Nyquist Plot

A Nyquist plot is the trajectory of G(iω) , where G(s) is a transfer function. This applet illustrates the dependence of the Nyquist plot on the poles and zeros of G(s) , in the particular case when G(s) is a rational function.

At right is a portion of the complex plane. On it are marked zeros (by small cyan circles) and poles (by small green x's). These can be moved by a cursor drag. They can be created or annihilated by buttons below the window. A single pole or zero is restricted to lie on the real axis. The [pole pair] and [zero pair] buttons allow creation of complex conjugate pairs of poles or zeros at the location of a cursor click. The "Annihilate" keys remove zeros or poles, or pairs of such. There is also a yellow diamond on the imaginary axis, which can be dragged along the axis the cursor. Pale line segments connect this point to the poles and zeros. The lengths of these segments contribute
to |G(iω)| . A ray directed arc around each pole and zero connects this line segment to a pale ray pointing in the positive real direction, illustrating the contribution of the pole or zero to Arg(G(iω)) . A rollover creates crosshairs and a readout.

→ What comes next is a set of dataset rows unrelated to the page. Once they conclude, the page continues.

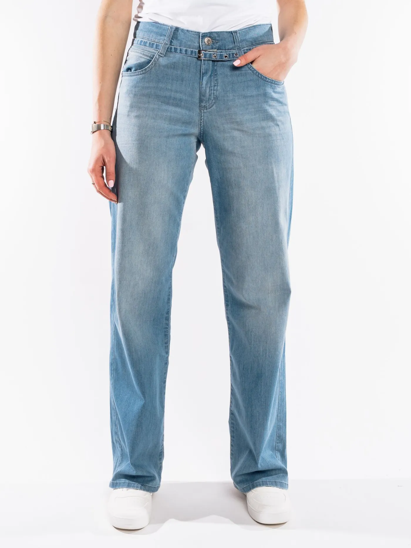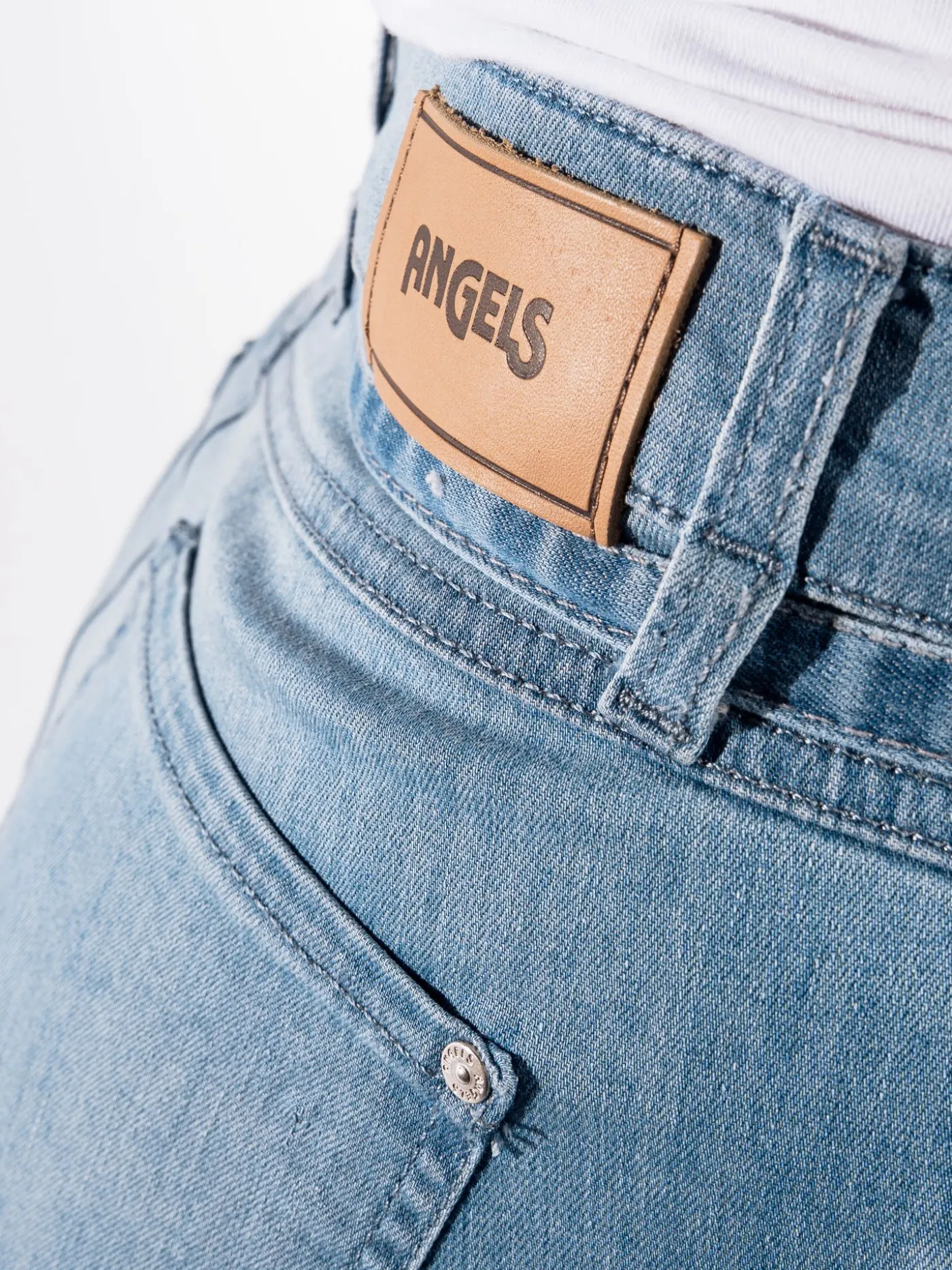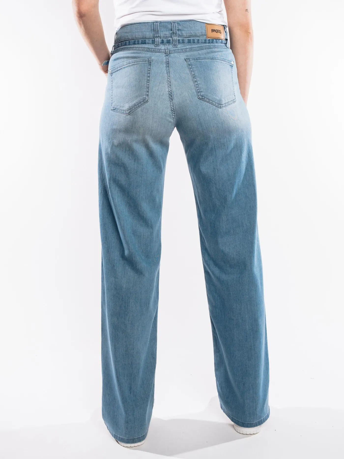 Jeans van het merk Angels in een blauwe kleur. Dit item heeft twee zakken aan de voor -en achterzijde, knoop -en ritssluiting en een riempje. Leuk te combineren met een T-shirt en sneakers.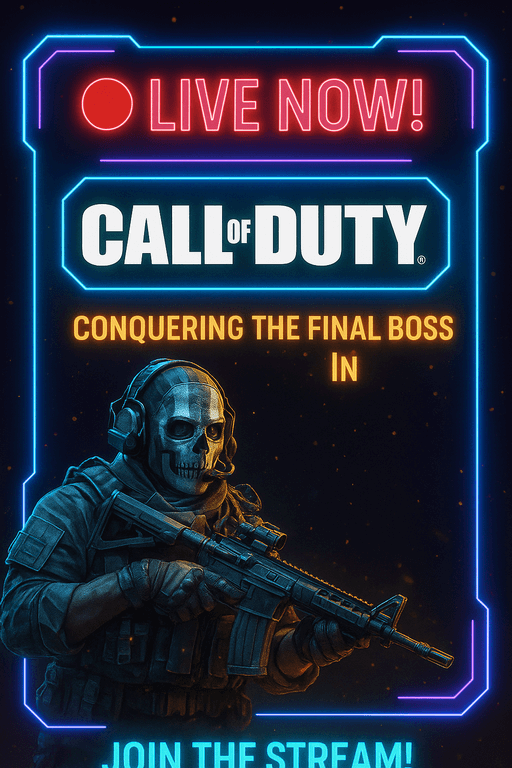 Create a dynamic, neon-infused social media poster for a gamer’s live stream. Use graphics and logos from the game being played. Text: “🔴 LIVE NOW! Conquering the final boss in [Game Name]. Join the stream!”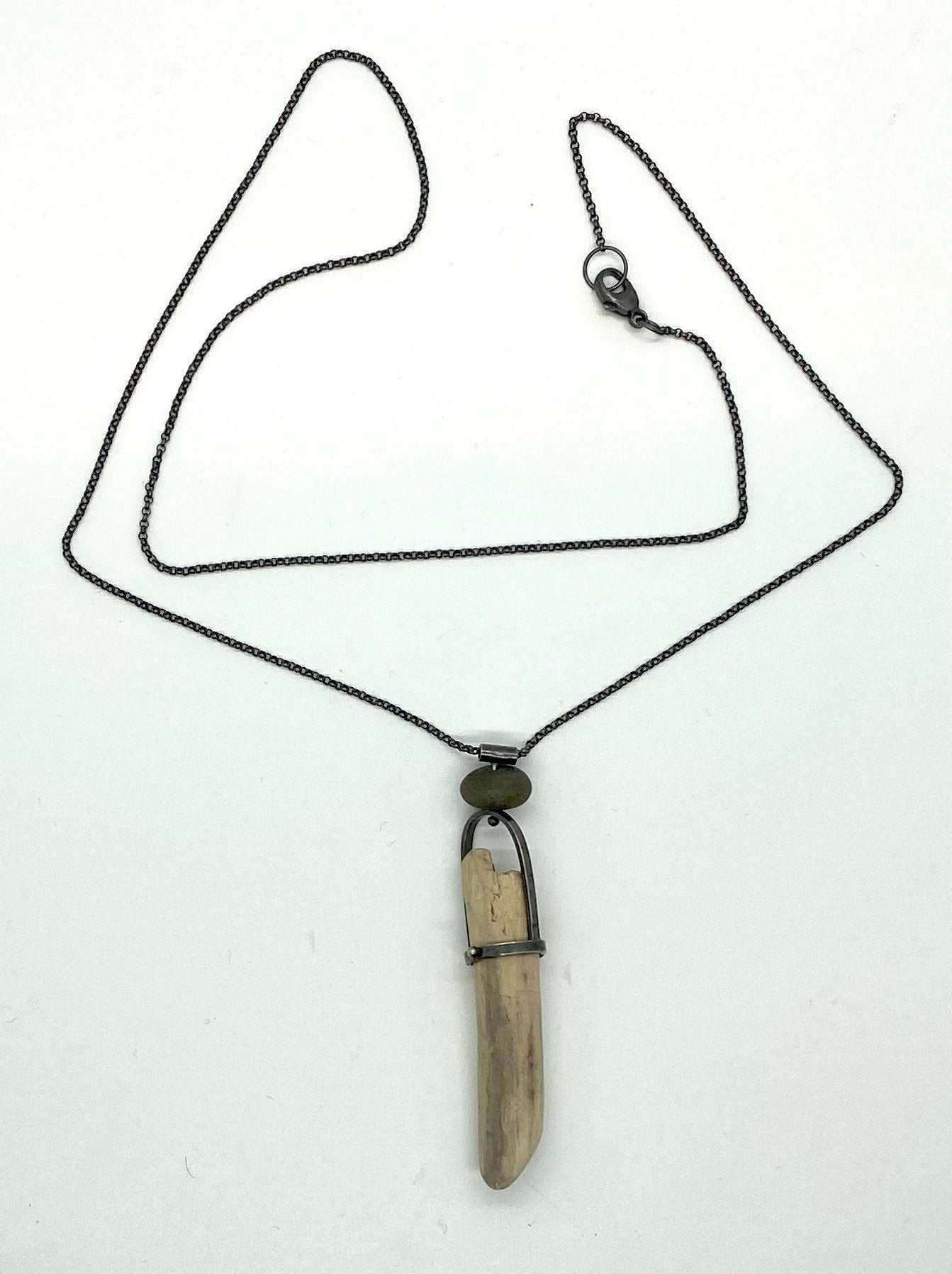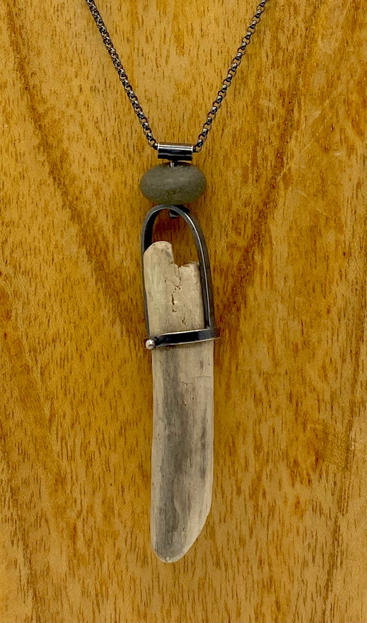 This necklace is a driftwood stick with a silver harness. It has medium grey pebble on top.
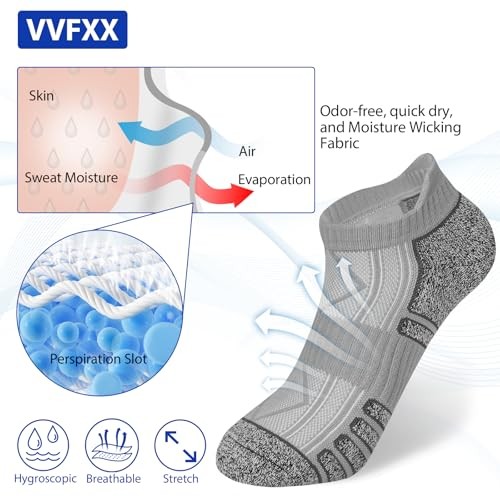 Mens Ankle Socks - 6 Pairs No Show Athletic Running Low Cut Socks 7-9.5 Grey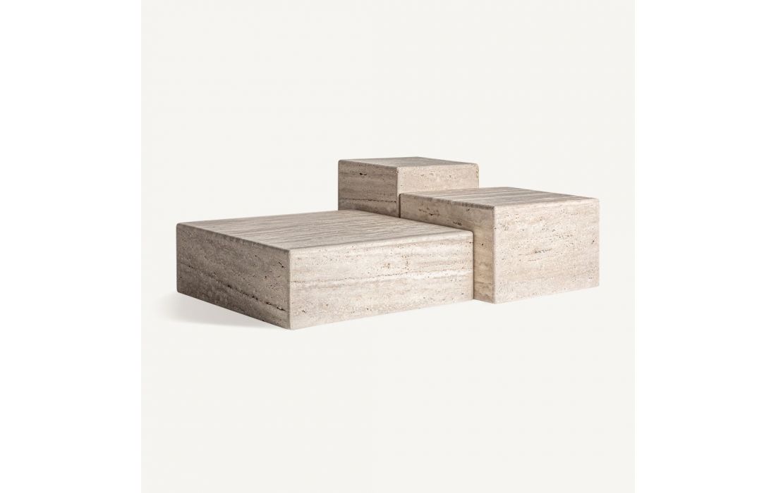 Mesas de centro que combinam simplicidade e personalidade, feita em travertino com o seu design minimalista com influências Art Déco realça qualquer espaço com a sua textura natural e presença serenaDestinatário :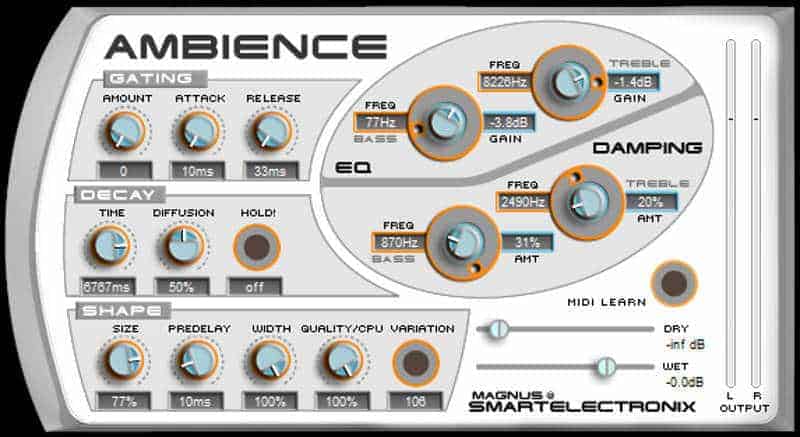 Next up in the epic reverb category is Ambience by Magnus. A classic reverb VST plugin that’s been around for ages, Ambience still manages to impress with its full sound and clean reverb tales that stand strong even by modern standards. Ambience shines as a specialized reverb unit for emulating massive spaces and surreal cosmic atmospheres. It also features a gate module for achieving the signature 80s gated snare sound.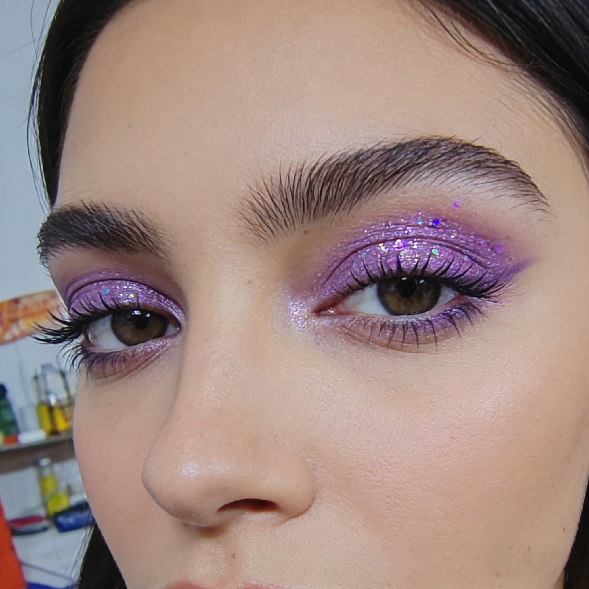 Light Purple Glitter Holographic Effect:This chunky glitter blends with plenty of different shapes and sizes of chunky and fine glitters in a gel base,great for a metallic coverage wtih a holographic effect.The mermaid sequin glitters have vibrant color,which shows up as an ultra-reflective and shiny sparking shimmer smear.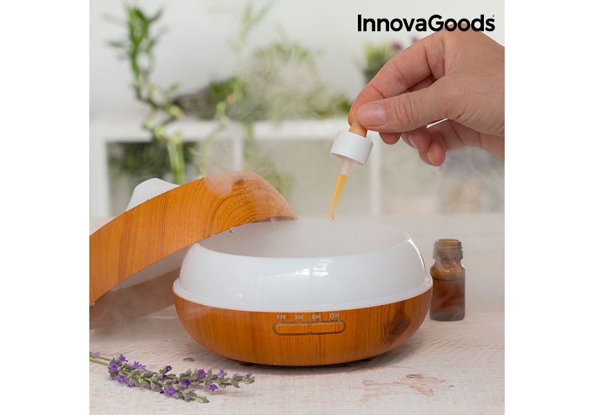 Vous pouvez désormais obteneir le nouvel humidificateur diffuseur d'arômes LED Wooden-Effect InnovaGoods Home Deco, un élément indispensable dans les atmosphères zen les plus agréables ! Son design innovant 2 en 1 de style zen, permet d'amlliorer la qualité de l'air, aidant à mieux respirer, et en créant une agréable atmosphère avec vos arômes préférés les plus relaxants.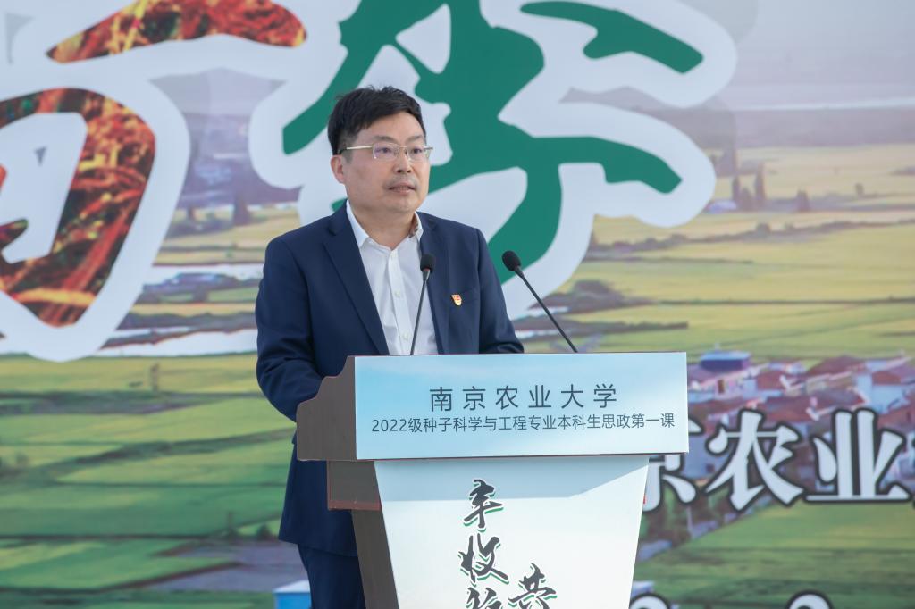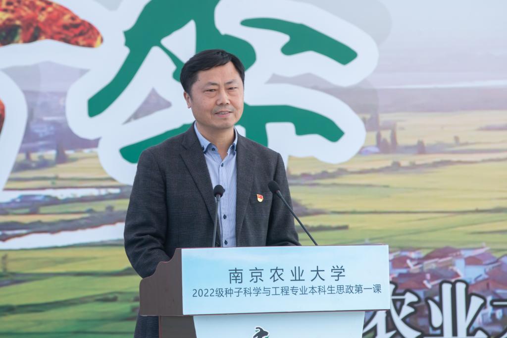 威廉希尔中文网站平台党委书记陈利根为新生带来《用奋进的青春汗水 浇灌强农兴农之种》思政第一课。陈利根从国家种业现状谈起,强调了粮食安全这一“国之大者”,以及种子作为农业的“芯片”的重要性,只有把种子紧紧攥在手中,才能端好、端稳中国饭碗,牢牢把住粮食安全主动权。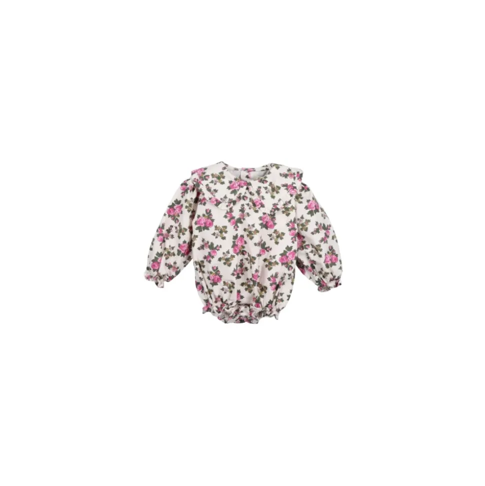 Zachte en gezellige babyromper gemaakt van premium flanel katoen, met lange mouwen en een delicaat bloemenpatroon. Ontworpen met een charmante bijpassende stoffen kraag, het opent aan de achterkant en onderkant met toon-op-toon drukknopen voor gemakkelijk aan- en uitkleden. Gemaakt in Portugal 100% katoen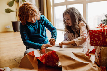 A White school-age boy with red hair and his younger sister are excitedly opening Christmas presents together, while surrounded by holiday decorations and red wrapping paper on the Christmas morning.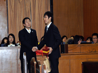 学生会主席王伟龙交换礼品

The left window holds the Nyquist plot. A slider below this window controls the scale, logarithmically. The value of G(iω) corresponding to the marked value of i omega is marked by a yellow diamond and connected to the origin by a yellow line segment, and the magnitude and argument of G(iω) are displayed in yellow below the window.

The [Formula] button toggles display of the algebraic formula for the rational function with the given poles and zeros.

The number of poles or zeros is limited to 8.